The crisis escalates: Trump's "fire threats" and the health care deadlock
This shutdown is unlike any previous ones, characterized by its harsher character: the White House Office of Management and Budget (OMB) has directed agencies to prepare a "permanent layoff list" (RIF), affecting 300,000 federal employees, exceeding previous temporary furloughs. Trump sees the shutdown as an opportunity to "clean up a corrupt government." The core debate is over healthcare: Democrats demand an extension of the Affordable Care Act (ACA) tax credits (which expire at the end of the year and benefit 20 million low- and middle-income individuals) and a reversal of Medicaid cuts, while Republicans insist on post-CR negotiations and the imposition of income limits.
Some attribute the shutdown to Republican intransigence, while others blame it on Democratic obstruction. Political polarization, coupled with the 48-hour countdown, suggests the shutdown could delay employment and PCE data, impacting the Federal Reserve's decision-making.

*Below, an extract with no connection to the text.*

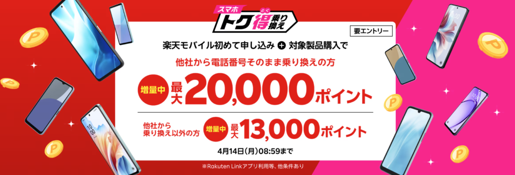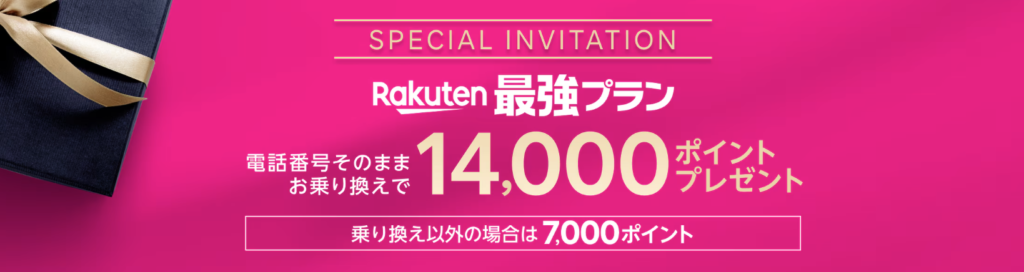 - 他社から楽天モバイルにMNPすると、最大14,000ポイント還元

Financial Market Forecast: Gold Continues to Rise, US Dollar Falls Slightly
The shutdown will have a "shallow and short-lived" impact on financial markets, but risk aversion will push up gold and depress the dollar:
US dollar (DXY): It has fallen 0.5% to a recent low and may depreciate another 0.4%-1% within a week due to political risks triggering safe-haven outflows; but it will rebound after the end. In the long run, the expectation of the Federal Reserve's interest rate cuts (two rounds of 25 basis points) will support the US dollar.
Gold (XAU/USD): has broken through $3,812/oz (up 45% this quarter). If a shutdown occurs, weekly returns could increase by 2%-3%, or reach $3,900. Be wary of a pullback to $3,685.
Foreign exchange market: EUR/USD and GBP/USD may rise by 0.3%-0.8%, and VIX may increase by 10%-15%.
Bank of America believes that the shutdown will reduce GDP by 0.1% per week, and the forecasting website Polymarket predicts that the probability of the shutdown is 55%.